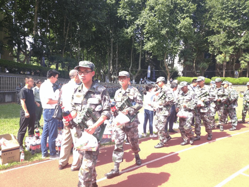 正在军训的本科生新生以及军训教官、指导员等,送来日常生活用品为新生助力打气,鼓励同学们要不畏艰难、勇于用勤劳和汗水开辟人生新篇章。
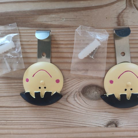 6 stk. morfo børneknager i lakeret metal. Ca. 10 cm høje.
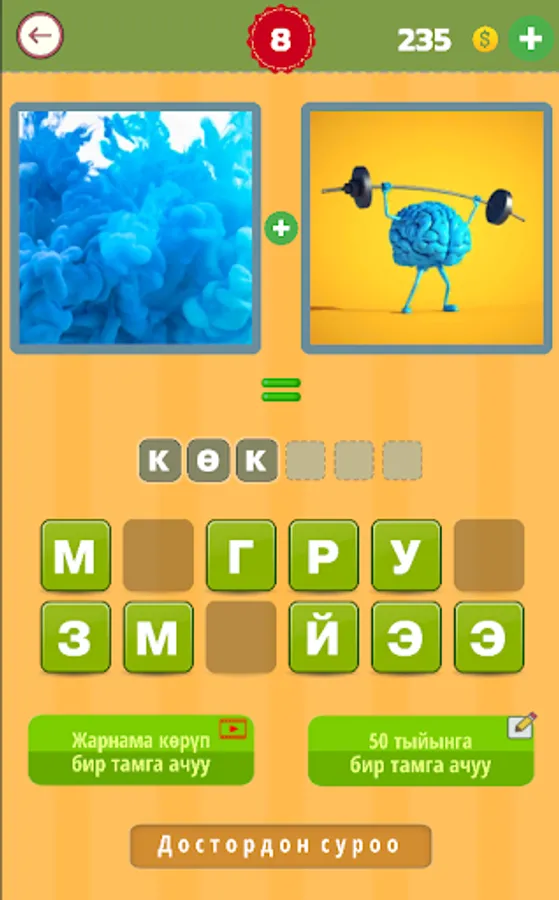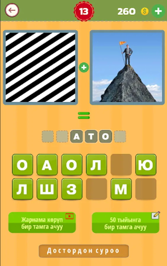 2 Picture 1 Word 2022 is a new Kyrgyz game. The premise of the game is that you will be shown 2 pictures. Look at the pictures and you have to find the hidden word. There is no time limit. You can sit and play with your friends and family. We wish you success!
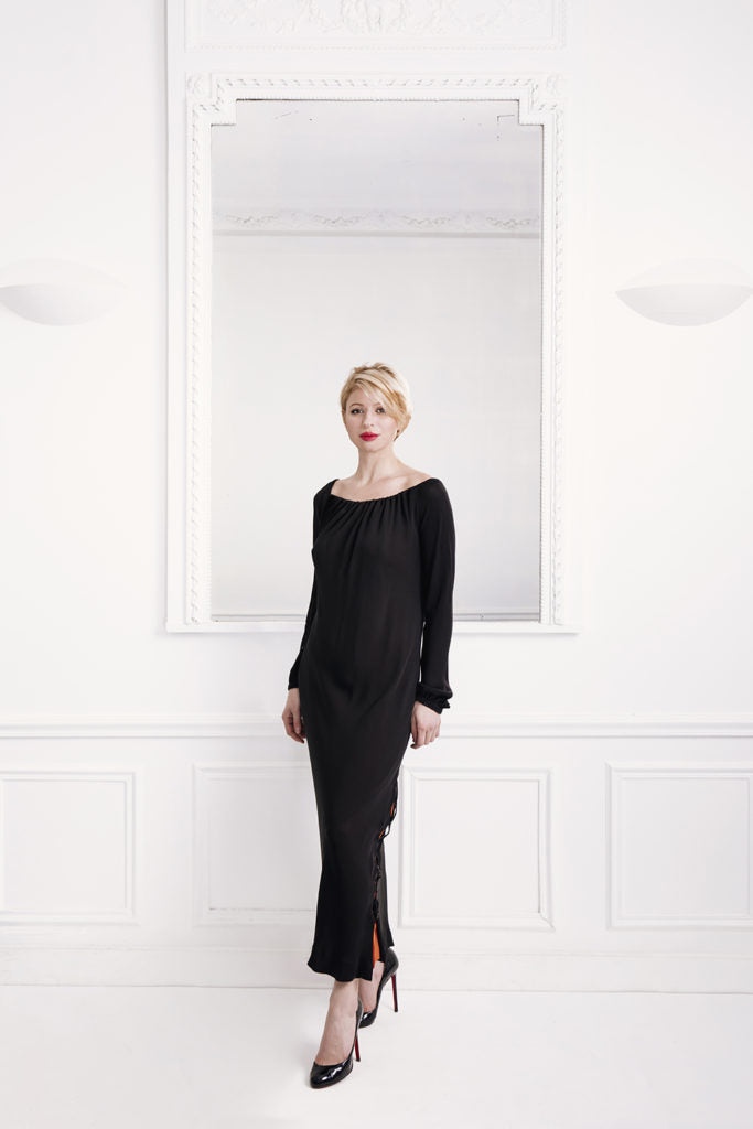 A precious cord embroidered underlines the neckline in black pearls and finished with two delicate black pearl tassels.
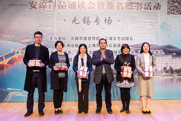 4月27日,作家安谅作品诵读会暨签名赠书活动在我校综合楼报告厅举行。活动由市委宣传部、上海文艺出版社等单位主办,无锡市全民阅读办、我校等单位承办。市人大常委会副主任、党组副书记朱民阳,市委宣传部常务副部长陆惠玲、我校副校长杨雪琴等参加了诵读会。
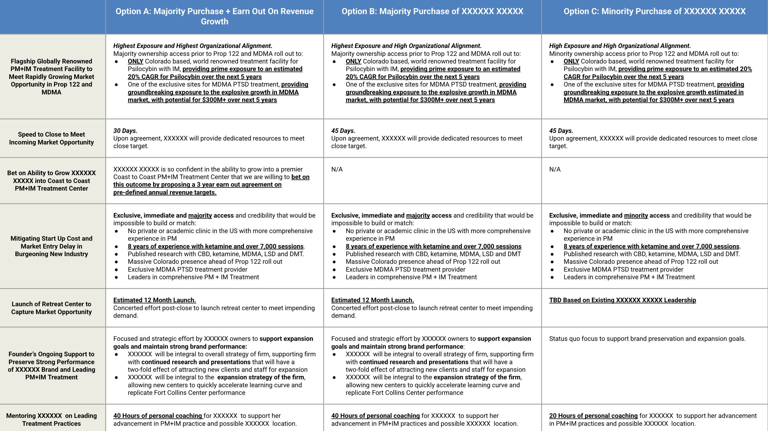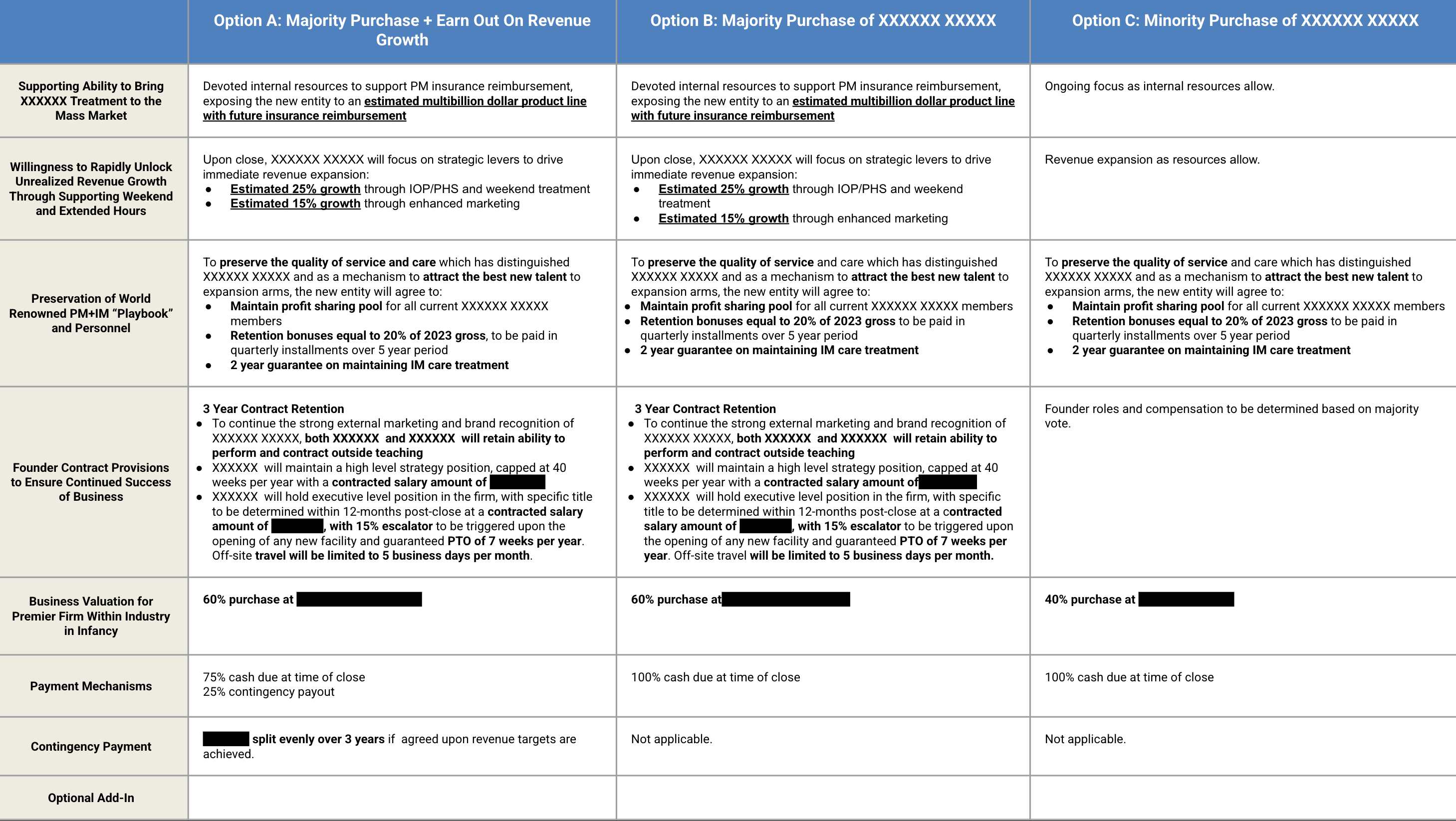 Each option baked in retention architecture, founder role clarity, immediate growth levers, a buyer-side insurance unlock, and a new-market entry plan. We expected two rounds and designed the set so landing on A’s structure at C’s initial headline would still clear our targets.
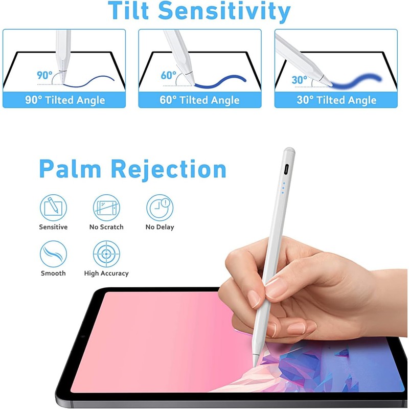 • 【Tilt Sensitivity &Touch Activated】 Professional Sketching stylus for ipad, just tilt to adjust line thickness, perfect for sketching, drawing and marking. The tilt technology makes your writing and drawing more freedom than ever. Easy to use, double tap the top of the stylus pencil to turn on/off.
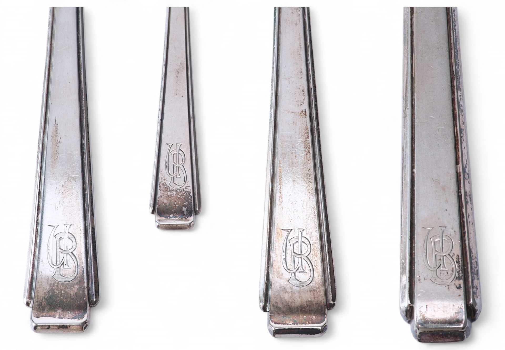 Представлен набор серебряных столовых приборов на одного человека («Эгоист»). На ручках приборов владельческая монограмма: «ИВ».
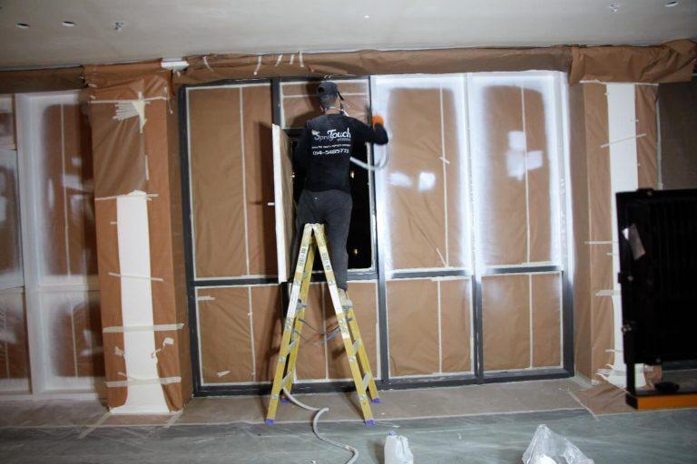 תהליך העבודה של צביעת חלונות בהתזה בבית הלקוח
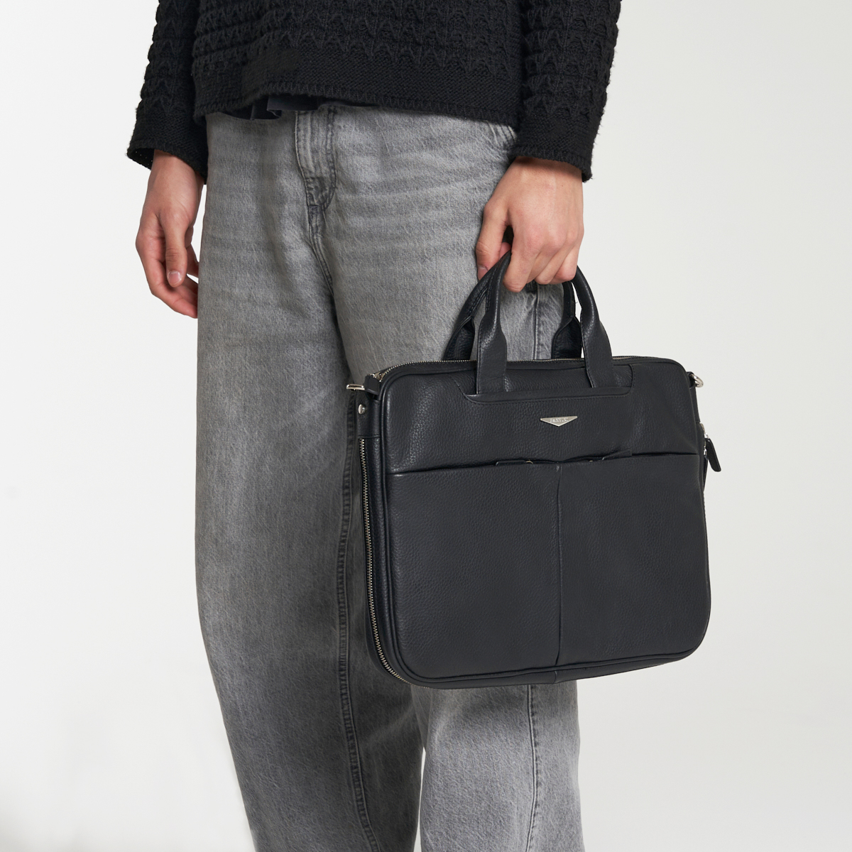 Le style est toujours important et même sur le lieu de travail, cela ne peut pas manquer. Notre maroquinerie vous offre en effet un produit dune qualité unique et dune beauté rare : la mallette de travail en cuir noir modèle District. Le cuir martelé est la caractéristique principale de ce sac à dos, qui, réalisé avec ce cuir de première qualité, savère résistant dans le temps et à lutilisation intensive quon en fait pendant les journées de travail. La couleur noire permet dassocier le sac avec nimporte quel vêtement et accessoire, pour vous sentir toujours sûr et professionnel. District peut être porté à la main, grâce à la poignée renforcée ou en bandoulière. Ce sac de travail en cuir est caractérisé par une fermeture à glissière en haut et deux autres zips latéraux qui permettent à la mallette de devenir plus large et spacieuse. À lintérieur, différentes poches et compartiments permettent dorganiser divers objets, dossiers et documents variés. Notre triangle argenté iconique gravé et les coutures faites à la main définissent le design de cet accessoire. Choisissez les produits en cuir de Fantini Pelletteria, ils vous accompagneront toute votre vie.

#####

Please give back exactly, and with no pictures, the lines from where the listing above begins through the line containing "תהליך העבודה של".

 正在军训的本科生新生以及军训教官、指导员等,送来日常生活用品为新生助力打气,鼓励同学们要不畏艰难、勇于用勤劳和汗水开辟人生新篇章。
 6 stk. morfo børneknager i lakeret metal. Ca. 10 cm høje.
 2 Picture 1 Word 2022 is a new Kyrgyz game. The premise of the game is that you will be shown 2 pictures. Look at the pictures and you have to find the hidden word. There is no time limit. You can sit and play with your friends and family. We wish you success!
 A precious cord embroidered underlines the neckline in black pearls and finished with two delicate black pearl tassels.
 4月27日,作家安谅作品诵读会暨签名赠书活动在我校综合楼报告厅举行。活动由市委宣传部、上海文艺出版社等单位主办,无锡市全民阅读办、我校等单位承办。市人大常委会副主任、党组副书记朱民阳,市委宣传部常务副部长陆惠玲、我校副校长杨雪琴等参加了诵读会。
 Each option baked in retention architecture, founder role clarity, immediate growth levers, a buyer-side insurance unlock, and a new-market entry plan. We expected two rounds and designed the set so landing on A’s structure at C’s initial headline would still clear our targets.
 • 【Tilt Sensitivity &Touch Activated】 Professional Sketching stylus for ipad, just tilt to adjust line thickness, perfect for sketching, drawing and marking. The tilt technology makes your writing and drawing more freedom than ever. Easy to use, double tap the top of the stylus pencil to turn on/off.
 Представлен набор серебряных столовых приборов на одного человека («Эгоист»). На ручках приборов владельческая монограмма: «ИВ».
 תהליך העבודה של צביעת חלונות בהתזה בבית הלקוח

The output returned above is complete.